Start of The data

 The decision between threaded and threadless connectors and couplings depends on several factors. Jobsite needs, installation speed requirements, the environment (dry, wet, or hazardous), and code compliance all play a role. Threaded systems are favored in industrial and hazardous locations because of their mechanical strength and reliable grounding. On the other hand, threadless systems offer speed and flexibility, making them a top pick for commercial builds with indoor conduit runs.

End of The data
Start of The data

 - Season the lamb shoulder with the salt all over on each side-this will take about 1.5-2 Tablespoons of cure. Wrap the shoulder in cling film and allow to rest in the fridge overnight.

End of The data
Start of The data

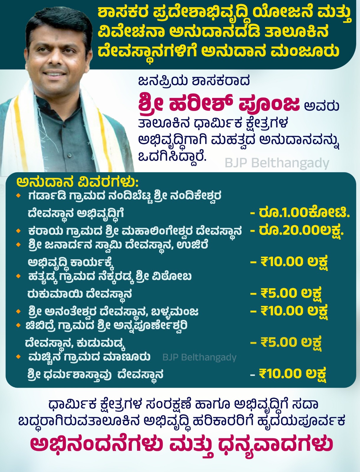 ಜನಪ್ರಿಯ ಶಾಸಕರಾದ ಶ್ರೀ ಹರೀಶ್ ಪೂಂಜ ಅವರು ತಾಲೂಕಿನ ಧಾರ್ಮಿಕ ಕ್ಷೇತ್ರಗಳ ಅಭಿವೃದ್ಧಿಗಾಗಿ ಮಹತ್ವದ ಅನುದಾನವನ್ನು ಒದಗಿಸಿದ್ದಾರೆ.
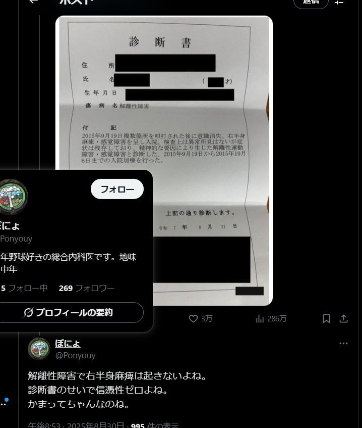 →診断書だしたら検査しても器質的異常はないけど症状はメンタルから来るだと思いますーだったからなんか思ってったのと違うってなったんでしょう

End of The data

Problem statement:
Determine how many lines in the records above have the string "with". Only the number should be returned.

Answer section:
2